### Activity
Emit a verbatim copy of the lines below from the line with "사실 경정공원은 뚝방길로" through the line with "虽然才刚刚成立不久,但由幼年", excluding pictures and everything outside that range.

Records for the exercise: Begin

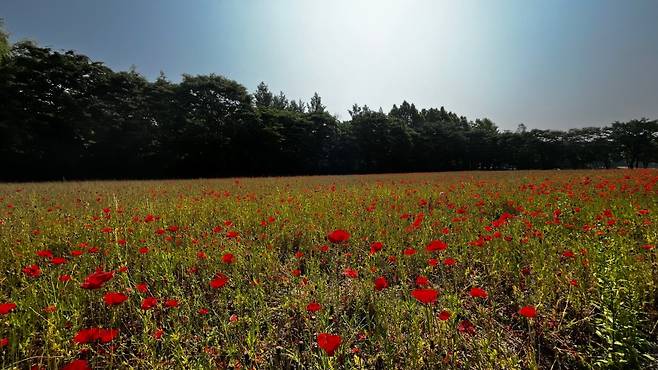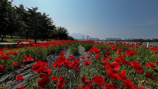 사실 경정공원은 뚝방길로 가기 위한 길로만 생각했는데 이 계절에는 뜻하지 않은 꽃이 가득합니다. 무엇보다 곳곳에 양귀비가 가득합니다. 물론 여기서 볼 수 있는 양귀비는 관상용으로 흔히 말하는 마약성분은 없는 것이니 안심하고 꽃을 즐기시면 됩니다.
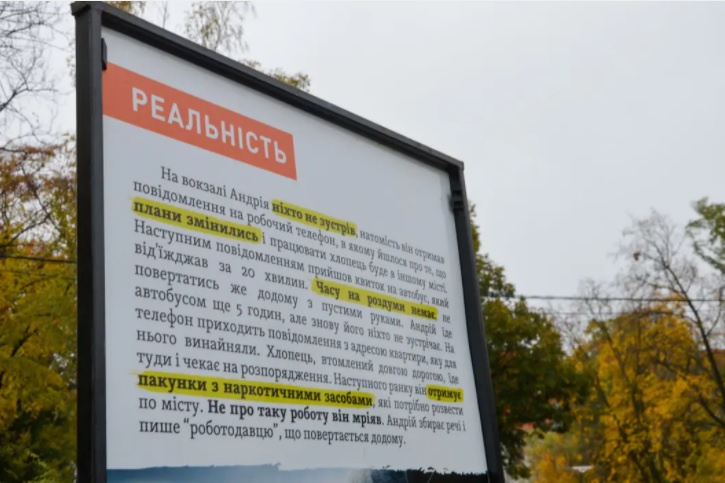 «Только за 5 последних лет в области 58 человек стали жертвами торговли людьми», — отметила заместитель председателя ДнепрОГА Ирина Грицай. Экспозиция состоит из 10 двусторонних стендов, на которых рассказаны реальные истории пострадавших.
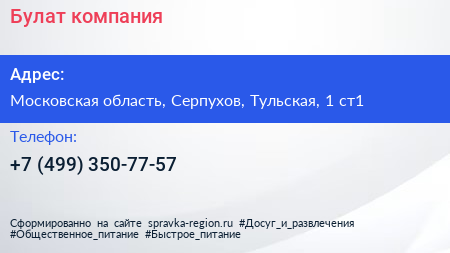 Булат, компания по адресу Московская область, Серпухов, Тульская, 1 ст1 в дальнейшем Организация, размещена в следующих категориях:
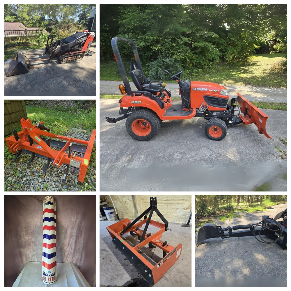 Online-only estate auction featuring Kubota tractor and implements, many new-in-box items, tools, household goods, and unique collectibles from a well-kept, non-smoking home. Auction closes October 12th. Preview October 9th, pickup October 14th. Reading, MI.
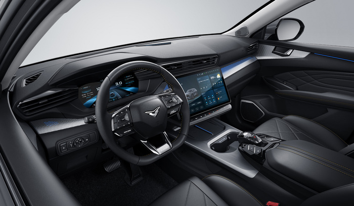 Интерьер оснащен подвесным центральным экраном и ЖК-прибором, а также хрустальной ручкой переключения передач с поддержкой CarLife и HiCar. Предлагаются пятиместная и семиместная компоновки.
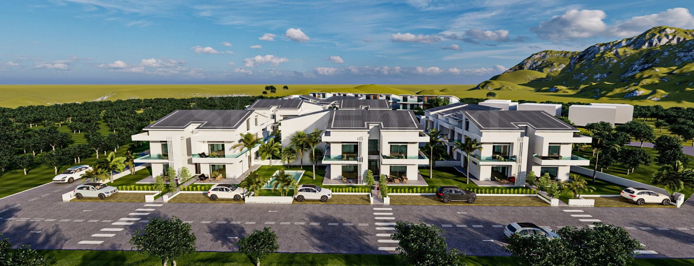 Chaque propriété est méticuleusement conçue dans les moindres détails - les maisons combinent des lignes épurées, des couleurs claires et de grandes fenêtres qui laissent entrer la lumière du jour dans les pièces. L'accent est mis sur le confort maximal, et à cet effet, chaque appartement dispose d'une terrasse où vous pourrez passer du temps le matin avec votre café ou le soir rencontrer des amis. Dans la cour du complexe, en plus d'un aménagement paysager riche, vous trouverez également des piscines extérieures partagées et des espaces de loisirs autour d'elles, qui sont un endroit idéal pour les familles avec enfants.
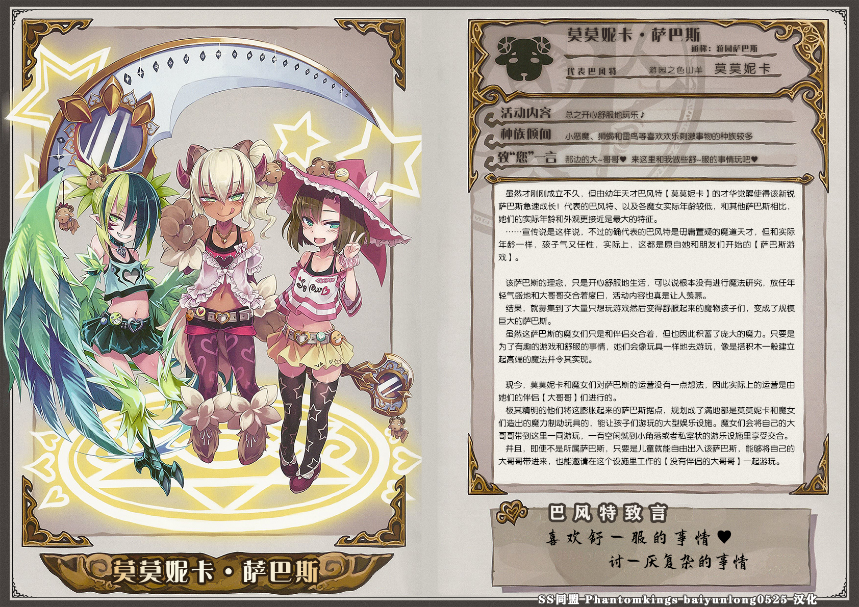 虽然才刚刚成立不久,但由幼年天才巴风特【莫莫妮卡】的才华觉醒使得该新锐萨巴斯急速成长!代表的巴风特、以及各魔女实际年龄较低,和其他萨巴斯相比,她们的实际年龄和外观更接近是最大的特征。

Records for the exercise: End
Records for the exercise: Begin

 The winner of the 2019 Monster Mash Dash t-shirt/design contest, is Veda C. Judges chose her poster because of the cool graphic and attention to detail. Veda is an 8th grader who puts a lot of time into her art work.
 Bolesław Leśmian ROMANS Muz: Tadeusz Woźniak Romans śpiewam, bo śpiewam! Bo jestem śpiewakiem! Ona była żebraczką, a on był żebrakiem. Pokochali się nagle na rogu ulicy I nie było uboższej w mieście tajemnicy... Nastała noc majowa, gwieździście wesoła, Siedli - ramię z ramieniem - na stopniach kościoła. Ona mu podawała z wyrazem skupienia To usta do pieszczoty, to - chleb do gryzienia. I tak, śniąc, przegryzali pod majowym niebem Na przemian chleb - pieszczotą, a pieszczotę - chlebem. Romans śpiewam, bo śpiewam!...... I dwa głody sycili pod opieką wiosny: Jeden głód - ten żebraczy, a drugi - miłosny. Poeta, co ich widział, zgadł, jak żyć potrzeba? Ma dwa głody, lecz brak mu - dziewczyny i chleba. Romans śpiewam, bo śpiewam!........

Records for the exercise: End

### Written solution
 사실 경정공원은 뚝방길로 가기 위한 길로만 생각했는데 이 계절에는 뜻하지 않은 꽃이 가득합니다. 무엇보다 곳곳에 양귀비가 가득합니다. 물론 여기서 볼 수 있는 양귀비는 관상용으로 흔히 말하는 마약성분은 없는 것이니 안심하고 꽃을 즐기시면 됩니다.
 «Только за 5 последних лет в области 58 человек стали жертвами торговли людьми», — отметила заместитель председателя ДнепрОГА Ирина Грицай. Экспозиция состоит из 10 двусторонних стендов, на которых рассказаны реальные истории пострадавших.
 Булат, компания по адресу Московская область, Серпухов, Тульская, 1 ст1 в дальнейшем Организация, размещена в следующих категориях:
 Online-only estate auction featuring Kubota tractor and implements, many new-in-box items, tools, household goods, and unique collectibles from a well-kept, non-smoking home. Auction closes October 12th. Preview October 9th, pickup October 14th. Reading, MI.
 Интерьер оснащен подвесным центральным экраном и ЖК-прибором, а также хрустальной ручкой переключения передач с поддержкой CarLife и HiCar. Предлагаются пятиместная и семиместная компоновки.
 Chaque propriété est méticuleusement conçue dans les moindres détails - les maisons combinent des lignes épurées, des couleurs claires et de grandes fenêtres qui laissent entrer la lumière du jour dans les pièces. L'accent est mis sur le confort maximal, et à cet effet, chaque appartement dispose d'une terrasse où vous pourrez passer du temps le matin avec votre café ou le soir rencontrer des amis. Dans la cour du complexe, en plus d'un aménagement paysager riche, vous trouverez également des piscines extérieures partagées et des espaces de loisirs autour d'elles, qui sont un endroit idéal pour les familles avec enfants.
 虽然才刚刚成立不久,但由幼年天才巴风特【莫莫妮卡】的才华觉醒使得该新锐萨巴斯急速成长!代表的巴风特、以及各魔女实际年龄较低,和其他萨巴斯相比,她们的实际年龄和外观更接近是最大的特征。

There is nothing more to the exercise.